Italy’s banking lobby chief sees rising competition for term deposits

FLORENCE, Italy (Reuters) – The head of Italian banking association ABI said on Wednesday banks would have to compete harder to secure medium- and long-term funds as the European Central Bank keeps reducing its bond buying, draining cash away from the financial system.

Italy sits on the world’s third-largest public debt and the ECB’s withdrawal of bond buying support poses a refinancing challenge to the Italian government, pitting it against its banks in the race for savers’ cash.

ABI President Antonio Patuelli said that competition from the state would keep the pressure up on lenders to remunerate deposits with a set maturity despite rates going down. The ECB last week cut interest rates for the third time this year.

“Let’s be mindful that the ECB is scaling down purchases of government bonds,” Patuelli told a press seminar in Florence.

“This will determine…increasing competition for liquidity invested with a maturity. I stress: with a maturity…, because banks can’t finance a 20-year mortgage with sight deposits…, which you can withdraw with a click.”

Italian banks have been criticised for failing to reward depositors as the ECB raised rates in 2022-23. The ABI says current accounts are not a form of investment, but a service.

Rates on time deposits have risen more markedly but deposits with a set maturity are not widespread in Italy.

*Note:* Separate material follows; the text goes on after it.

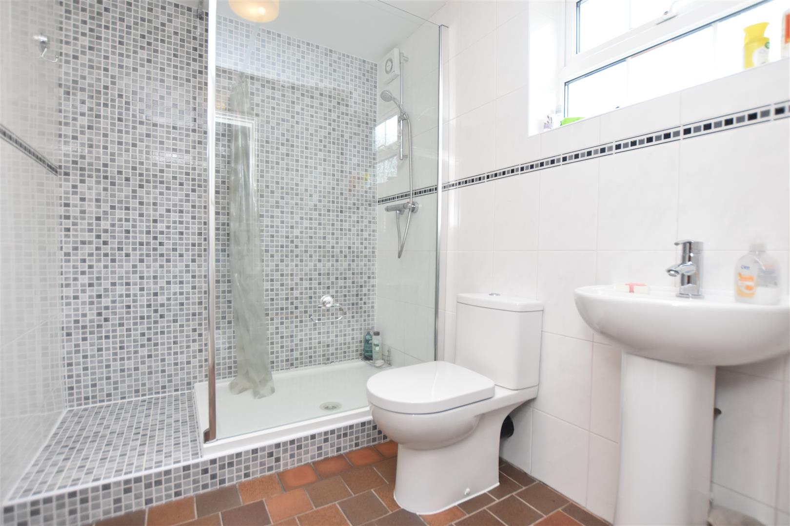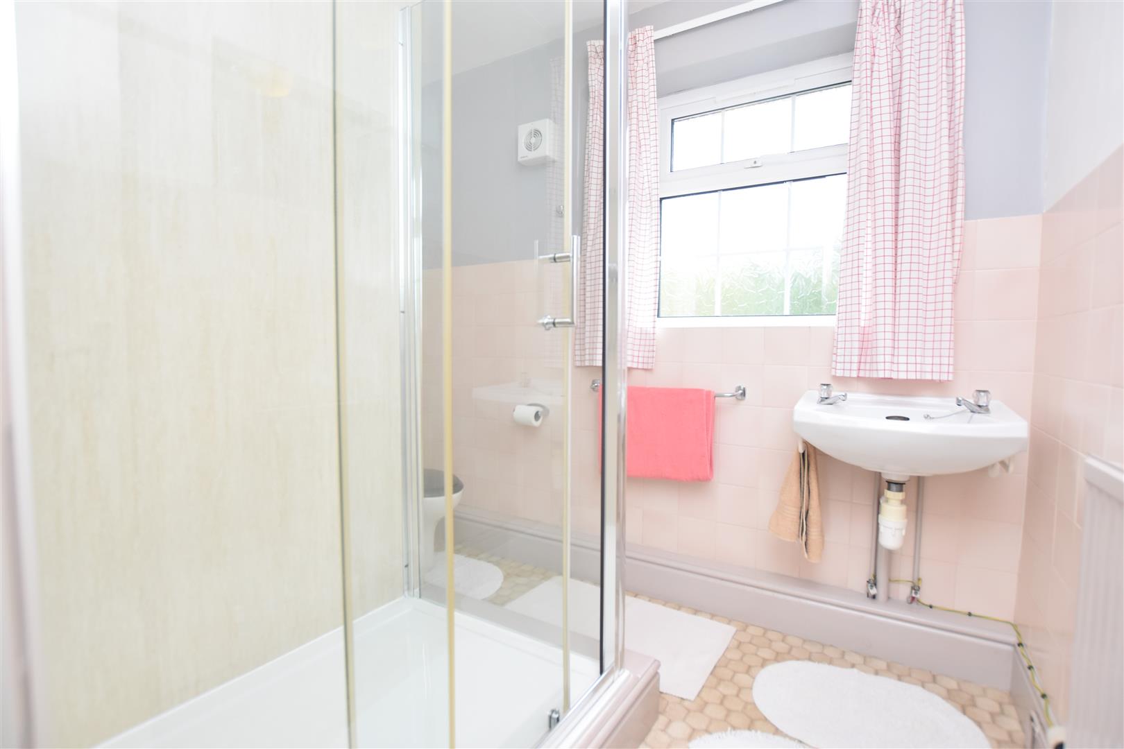 Appointed with pedestal wash basin with mixer tap, close coupled w.c, shower enclosure with mains thermostatic shower and splash screen, fully tiled walls, tiled flooring, extractor fan, upvc double glazed window and radiator.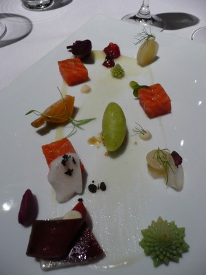 Salade de légumes oubliés, confit de truite d’océan à l’huile d’agrume, sorbet concombre

They are used mostly by digital banks, while high street lenders tend to shun this more costly form of funding.

Patuelli also said Italy paid high rates to secure strong demand at a bond sale on Tuesday.

Banks raise funds at a premium over government bond rates.

“Yesterday’s sale went really well and the interest rate was significant: the two things go hand in hand,” he said.

A new seven-year Italian bond on Tuesday drew more than 99 billion euros in orders. Demand for the top-up of a 30-year note surpassed 101 billion euros – the highest-ever total demand for an Italian dual-tranche bond sale.